*Problem requirements:* Using the data below, gather each line that includes the word "with".

*Record extracts:*
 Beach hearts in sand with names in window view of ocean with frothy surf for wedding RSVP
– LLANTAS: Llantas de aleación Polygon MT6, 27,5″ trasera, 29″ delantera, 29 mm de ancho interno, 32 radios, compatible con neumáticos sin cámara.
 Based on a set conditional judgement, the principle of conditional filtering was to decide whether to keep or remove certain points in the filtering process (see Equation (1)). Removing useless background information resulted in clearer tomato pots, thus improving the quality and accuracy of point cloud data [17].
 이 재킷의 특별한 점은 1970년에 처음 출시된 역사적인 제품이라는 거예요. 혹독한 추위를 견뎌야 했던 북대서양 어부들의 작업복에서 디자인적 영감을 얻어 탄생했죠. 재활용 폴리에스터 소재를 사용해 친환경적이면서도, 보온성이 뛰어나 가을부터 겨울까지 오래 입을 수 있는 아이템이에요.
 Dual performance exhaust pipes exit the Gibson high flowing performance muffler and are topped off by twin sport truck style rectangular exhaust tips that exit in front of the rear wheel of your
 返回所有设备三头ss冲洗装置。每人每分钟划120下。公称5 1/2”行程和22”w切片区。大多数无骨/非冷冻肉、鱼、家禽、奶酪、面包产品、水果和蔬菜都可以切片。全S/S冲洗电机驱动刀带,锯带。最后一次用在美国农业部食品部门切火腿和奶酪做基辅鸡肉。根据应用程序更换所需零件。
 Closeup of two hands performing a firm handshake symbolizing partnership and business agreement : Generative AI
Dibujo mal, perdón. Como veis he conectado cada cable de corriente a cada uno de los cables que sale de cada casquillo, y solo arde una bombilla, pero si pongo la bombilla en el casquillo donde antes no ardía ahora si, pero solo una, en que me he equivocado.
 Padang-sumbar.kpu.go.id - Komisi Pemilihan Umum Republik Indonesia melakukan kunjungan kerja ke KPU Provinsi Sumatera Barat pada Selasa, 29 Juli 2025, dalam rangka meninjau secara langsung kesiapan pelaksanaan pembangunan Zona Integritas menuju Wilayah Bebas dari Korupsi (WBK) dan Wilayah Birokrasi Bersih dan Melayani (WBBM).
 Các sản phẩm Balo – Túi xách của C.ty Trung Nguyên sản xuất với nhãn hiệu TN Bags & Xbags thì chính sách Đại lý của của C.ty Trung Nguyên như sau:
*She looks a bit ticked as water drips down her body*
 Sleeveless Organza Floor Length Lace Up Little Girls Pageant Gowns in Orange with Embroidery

*Answer below:*
 Beach hearts in sand with names in window view of ocean with frothy surf for wedding RSVP
 Sleeveless Organza Floor Length Lace Up Little Girls Pageant Gowns in Orange with Embroidery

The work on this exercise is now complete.